### What you have to do
Please retype the entries below exactly, only from their first line through the line containing "Anniversaire ou autre", leaving every picture out.
(Input)
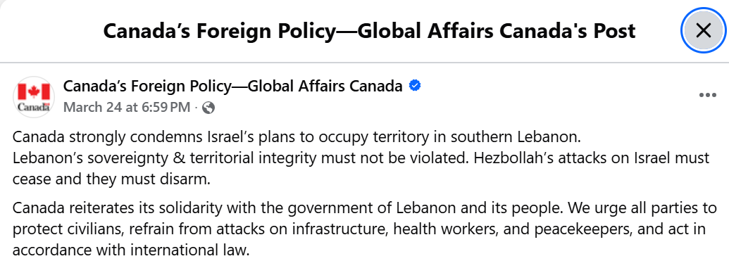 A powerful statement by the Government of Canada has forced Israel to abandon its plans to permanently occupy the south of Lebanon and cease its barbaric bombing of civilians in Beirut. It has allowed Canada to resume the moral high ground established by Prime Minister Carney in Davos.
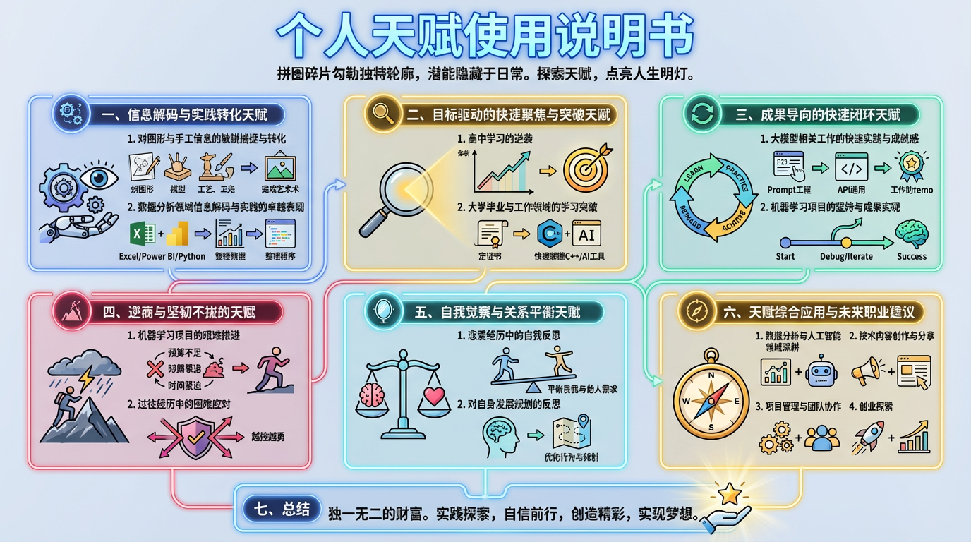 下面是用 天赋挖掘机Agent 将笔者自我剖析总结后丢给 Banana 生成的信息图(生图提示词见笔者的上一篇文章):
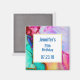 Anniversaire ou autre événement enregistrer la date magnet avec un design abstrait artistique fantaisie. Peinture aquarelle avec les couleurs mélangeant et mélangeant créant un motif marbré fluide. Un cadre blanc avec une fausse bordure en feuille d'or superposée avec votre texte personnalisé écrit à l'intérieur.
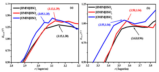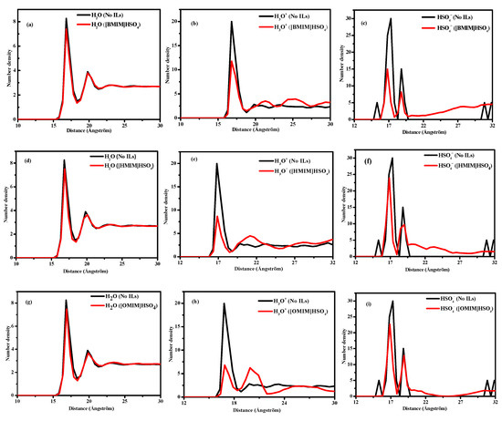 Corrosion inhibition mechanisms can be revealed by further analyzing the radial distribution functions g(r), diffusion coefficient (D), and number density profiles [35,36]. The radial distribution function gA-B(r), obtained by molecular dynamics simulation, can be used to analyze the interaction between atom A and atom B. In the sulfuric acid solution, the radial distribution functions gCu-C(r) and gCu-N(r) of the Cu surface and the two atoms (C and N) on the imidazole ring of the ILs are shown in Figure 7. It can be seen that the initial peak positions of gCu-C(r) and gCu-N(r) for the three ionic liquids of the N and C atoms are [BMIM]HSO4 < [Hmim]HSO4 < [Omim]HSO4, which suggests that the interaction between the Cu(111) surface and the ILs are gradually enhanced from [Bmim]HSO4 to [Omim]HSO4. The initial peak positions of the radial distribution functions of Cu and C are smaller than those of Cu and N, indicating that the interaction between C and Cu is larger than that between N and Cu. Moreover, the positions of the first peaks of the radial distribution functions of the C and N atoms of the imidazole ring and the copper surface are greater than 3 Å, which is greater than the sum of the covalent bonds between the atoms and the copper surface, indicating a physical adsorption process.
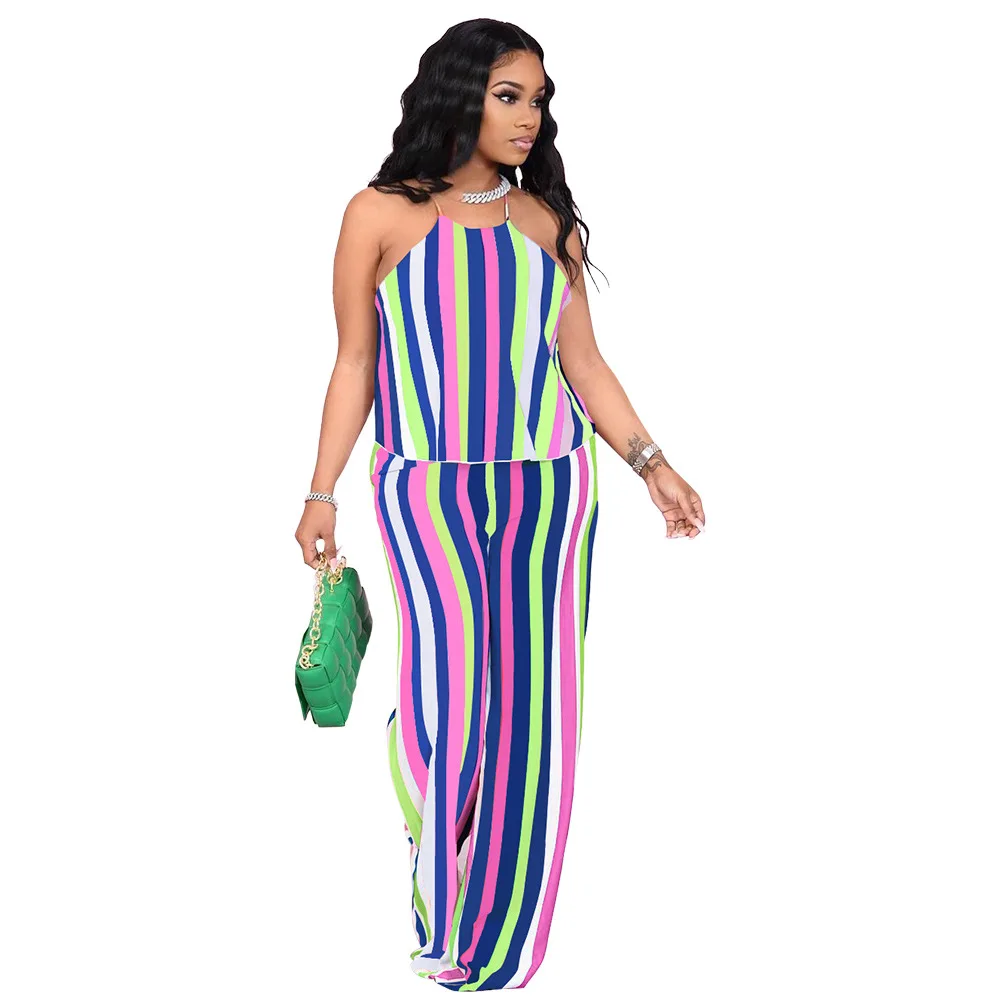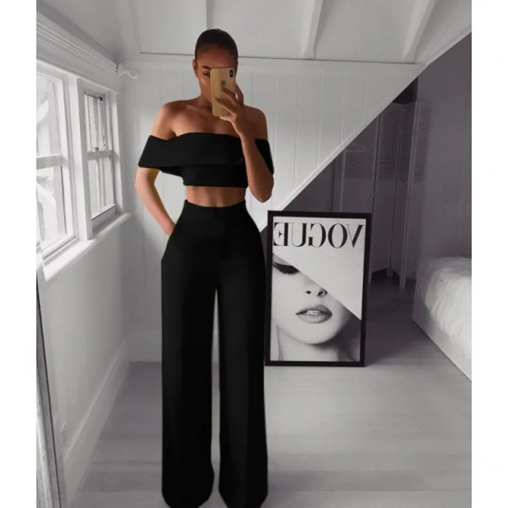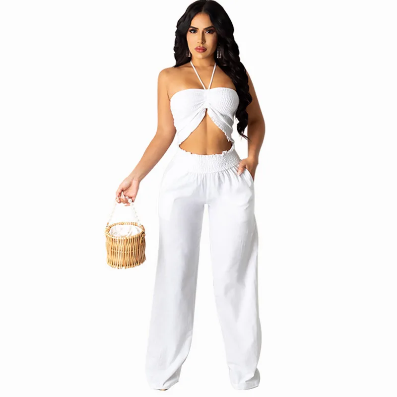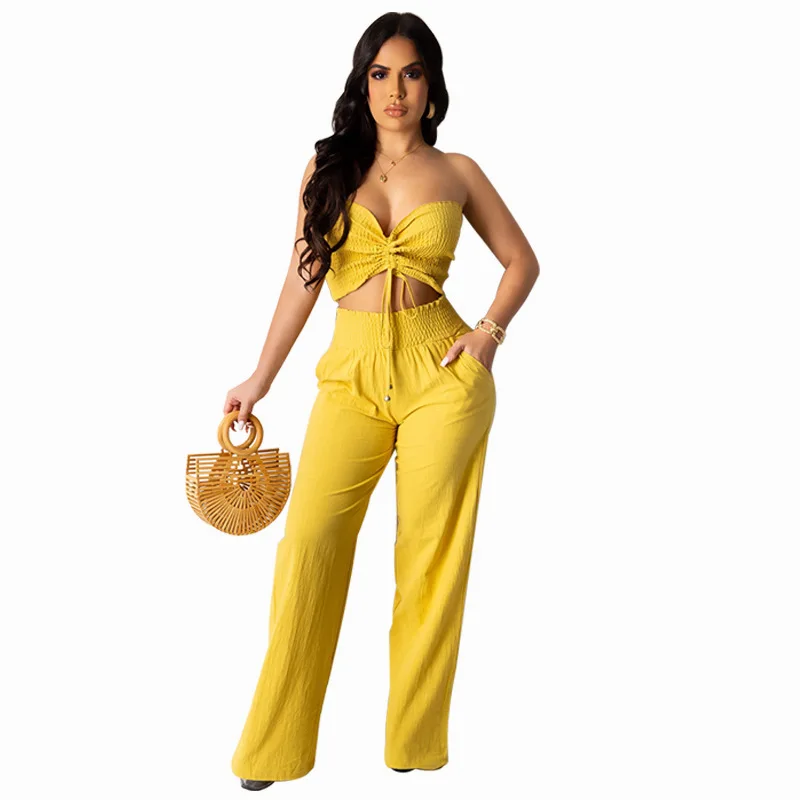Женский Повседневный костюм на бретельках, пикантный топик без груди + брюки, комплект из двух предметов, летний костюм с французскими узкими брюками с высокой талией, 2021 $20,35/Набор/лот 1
(End Input)
### Exercise answer
 A powerful statement by the Government of Canada has forced Israel to abandon its plans to permanently occupy the south of Lebanon and cease its barbaric bombing of civilians in Beirut. It has allowed Canada to resume the moral high ground established by Prime Minister Carney in Davos.
 下面是用 天赋挖掘机Agent 将笔者自我剖析总结后丢给 Banana 生成的信息图(生图提示词见笔者的上一篇文章):
 Anniversaire ou autre événement enregistrer la date magnet avec un design abstrait artistique fantaisie. Peinture aquarelle avec les couleurs mélangeant et mélangeant créant un motif marbré fluide. Un cadre blanc avec une fausse bordure en feuille d'or superposée avec votre texte personnalisé écrit à l'intérieur.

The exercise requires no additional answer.